Через две недели все могут кое-как ходить. Под самый крепкий из нас, больных, Бланк и Брюнн самые слабые. Мы собираемся во дворе перед домиком врачей. Снег почти сошел, робкое солнце предвещает начало весны. Повсюду казаки, подбирают мертвецов. Они по двадцать бросают их на широкие повозки, обвязывают веревкой, увозят.

– Они боятся чумы и холеры! – восклицает Брюнн.

В полдень из городка подъезжают десять крестьянских телег с конвоем. На первой сидит доктор Бокхорн.

– Так, ребята, – говорит он, – теперь залезайте!

Мы подкладываем наши шинели, усаживаемся спиной к спине.

– А вы не едете, господин штабс-врач?

– Нет, мне нужно остаться. Я бы с удовольствием поехал, поверьте… Но здесь почти никого не остается… Будьте здоровы, товарищи! – вдруг восклицает он.

Повозки трогаются. У всех на глазах выступают слезы.

– Спасибо, спасибо! – восклицают восемь хриплых голосов.

Доктор не двигается.

– Проклятие, – бормочет Под, – вот человек…

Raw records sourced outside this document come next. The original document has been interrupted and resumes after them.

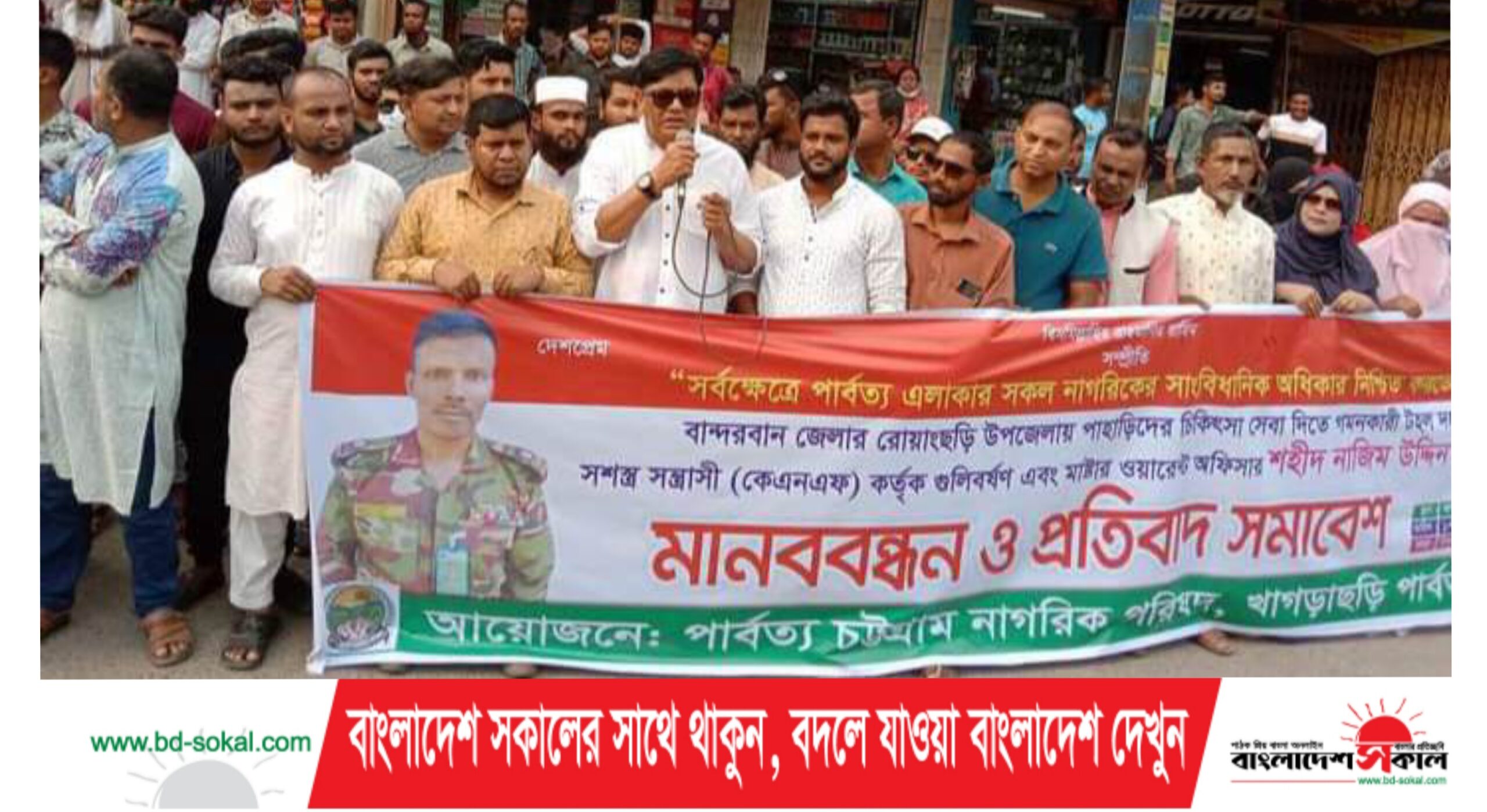 মোঃ মাসুদ রানা, খাগড়াছড়ি॥ বান্দরবান জেলার রোয়াংছড়ি উপজেলায় নিরিহ ও চিকিৎসা সেবা থেকে বঞ্চিত পাহাড়িদের চিকিৎসা সেবা দিতে গমনকারী টহল দলের উপর পাহাড়ের আঞ্চলিক সশস্ত্র সন্ত্রাসী সংগঠন (কেএনএফ) কর্তৃক গুলিবর্ষণ এবং সেনাবাহিনীর মাষ্টার ওয়ারেন্ট অফিসার শহীদ নাজিম উদ্দিন”কে হত‍্যার প্রতিবাদে পার্বত্য চট্টগ্রাম নাগরিক পরিষদ খাগড়াছড়ি জেলা শাখার উদ্যোগ মানববন্ধন ও প্রতিবাদ সভা অনুষ্ঠিত হয়েছে। ১৭ মার্চ শুক্রবার বিকেল ৩ ঘটিকার সময় খাগড়াছড়ি শহর শাপলা চত্বরে এই মানববন্ধন অনুষ্ঠিত হয়।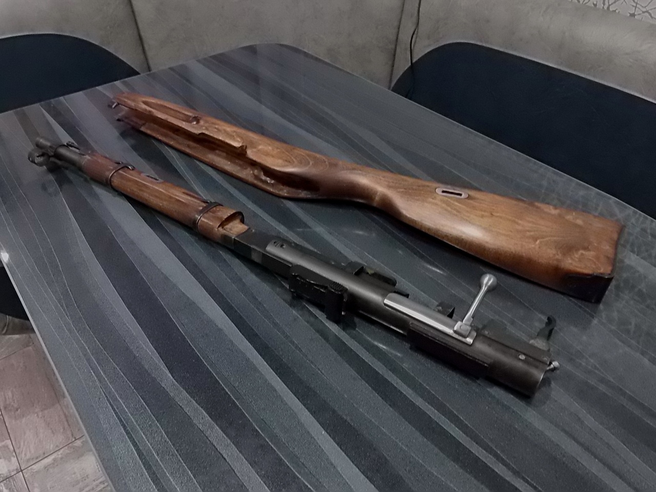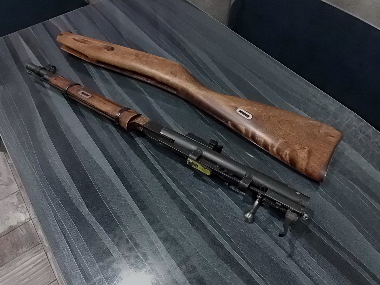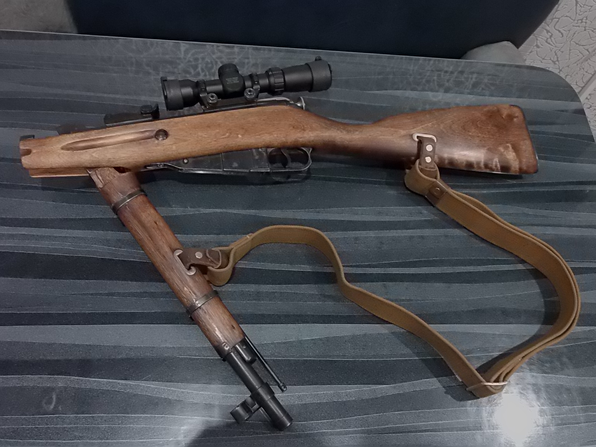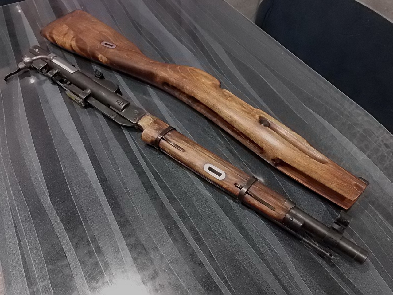 Для работы решил приобрести оригинальный комплект к карабину Мосина обр.1944года. В комплекте были: ложа оригинальная, ствольная накладка, нагель,затыльник,шомпол,ремень в полной комплектации, пружины под ложевые кольца. Антабки в ложу были уже врезаны.Приятно было что на затыльнике,ремне,ложе присутствовали клейма. Это добавляло харизмы и историчности.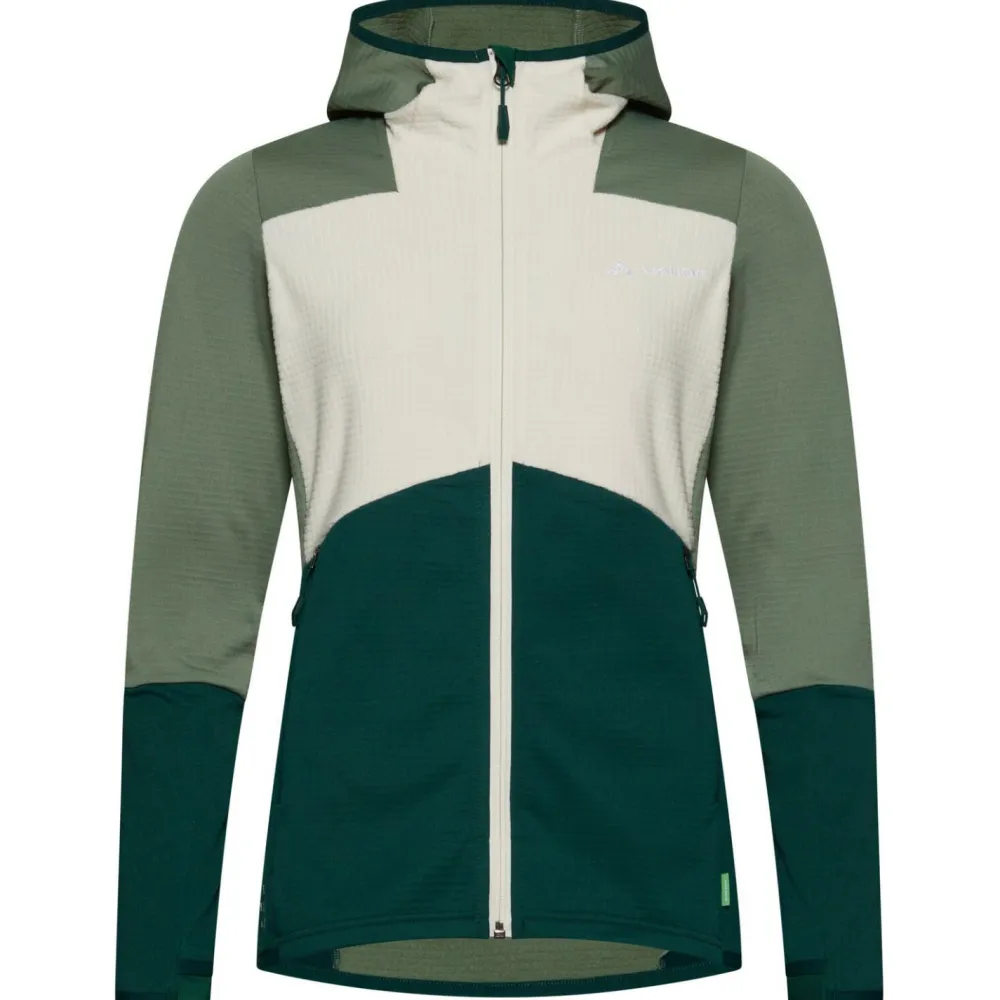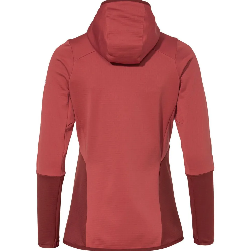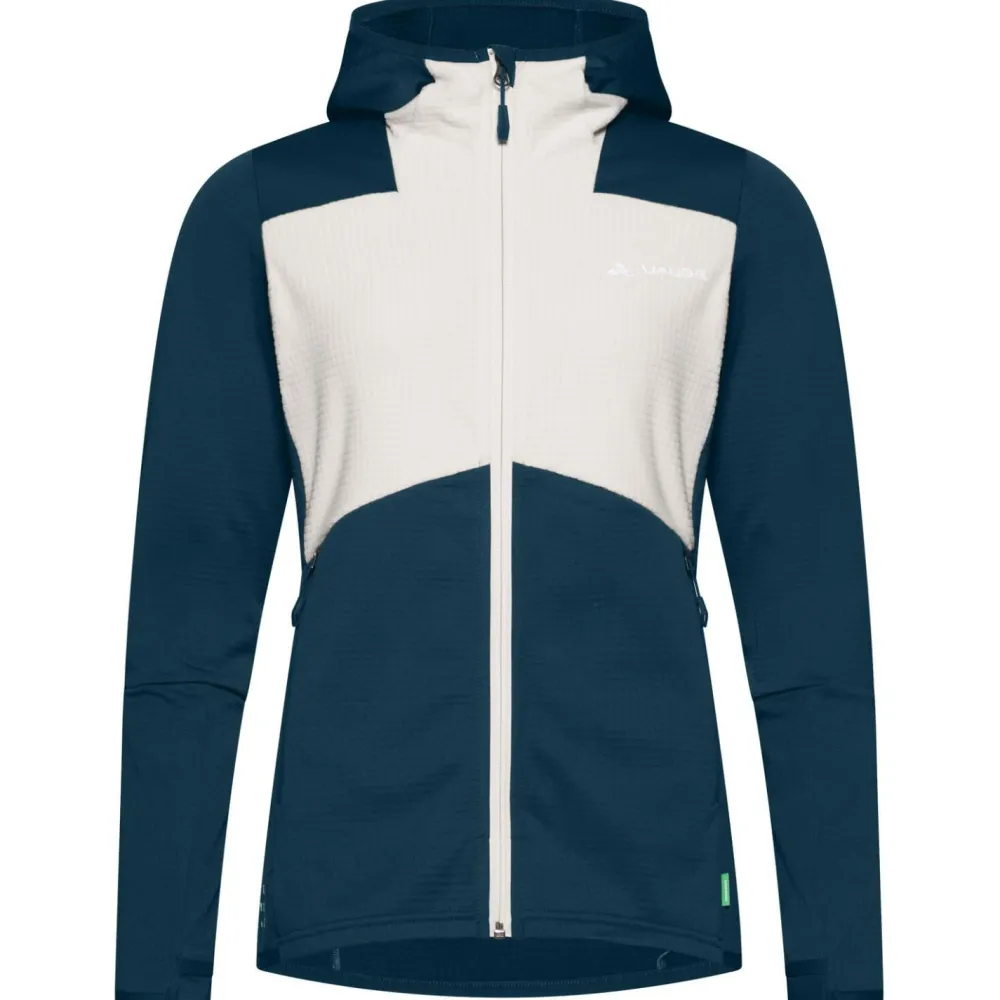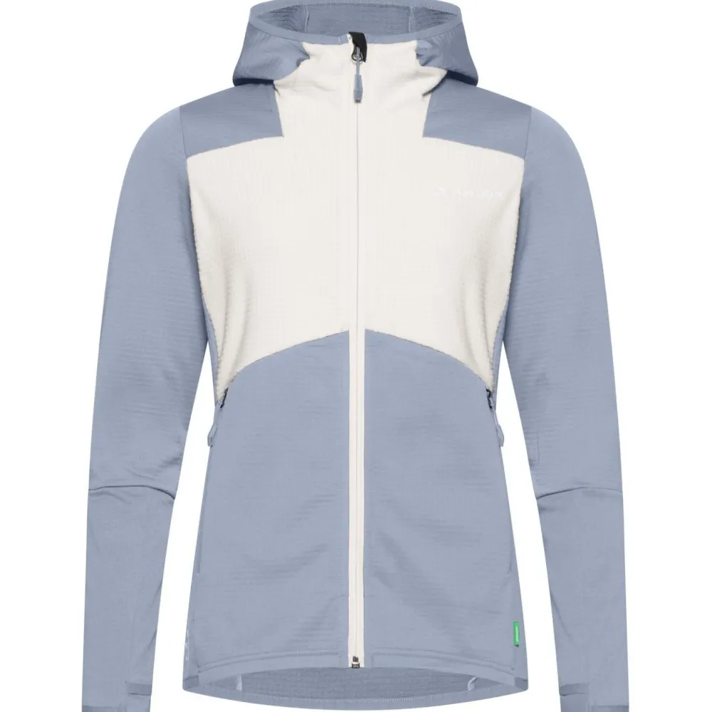 Die Women´s Monviso Hooded Grid Fleece Jacket von Vaude ist eine elastische Damen Fleecejacke für Skitouren und Bergsteigen. Am meisten Kälte verliert man im Winter über den Kopf. Die Kapuze ist angeschnitten und in der Weite verstellbar und sitzt so perfekt am Kopf. Damit kann man sich die Mütze sparen und hat trotzdem warme Ohren. Für Wertgegenstände, Müsliriegel und Co. gibt es zwei Fronttaschen. Diese sitzen etwas höher als man es vielleicht von anderen Jacken gewöhnt ist, sodass sie auch mit Gurt gut erreichen kann. Damit bleibt alles sicher und geht nicht im Schnee verloren. Außerdem ist die Jacke mit dem durchgehendem Frontreißverschluss mit Untertritt leicht an- und ausziehbar. Der Untertritt verhindert, dass Material in den Reißverschluss gezogen wird oder man sich einklemmt.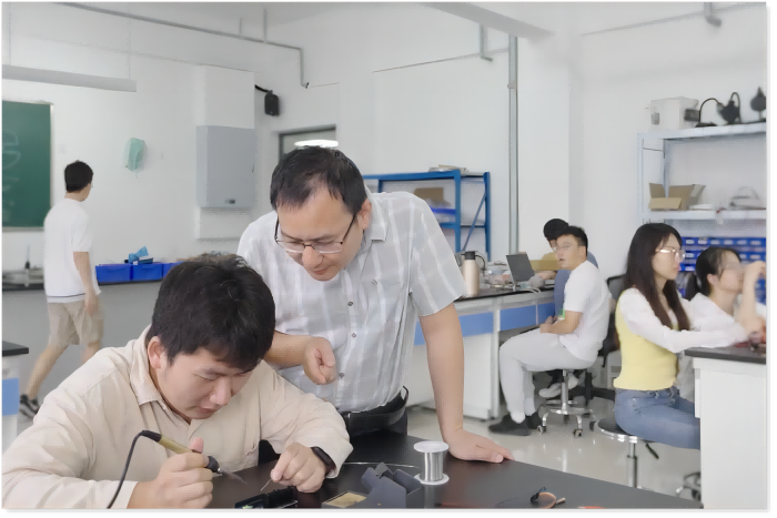 为了提高学生的程序设计能力,他还引入了更先进的教学理念融合教学和项目化教学,推动程序设计类课程的教学改革。当他发现学生的编程能力偏弱时,他每周为参赛同学讲解C语言编程知识和技巧。每当学生遇到困难时,他身体力行,帮助学生克服困难,不厌其烦。

Мы медленно едем по лагерному двору. Из-за большого числа мертвых тел все время приходится петлять. Несмотря на это, временами все-таки кого-нибудь переезжаем. Зейдлиц не отрываясь смотрит налево. Там возвышается памятный холм. Мы ясно видим Позека. Руки он все еще держит на груди, но ноги его голые. То, что мы ему намотали вместо сапог, ветер размотал и унес.

На железнодорожной насыпи стоят 10 теплушек с маленькими окошками. Сопровождающий унтер-офицер отсчитывает для каждого вагона по 20 человек. Мы взбираемся, все получаем верхние нары, во всяком случае на день. На досках настелена солома. Ее использовали для лошадей, но не все ли равно?

– Неужто правда? – удивленно спрашивает Брюнн. – Неужто Мышонок стал человеком?

Вскоре мы выяснили это. Незадолго до отправки на сивом коне прискакал офицер.

– Толмач! – кричит старший караула.

Я еще раз выбираюсь наружу. Офицер спешился. Передо мной стоит казачий капитан, очень бледный.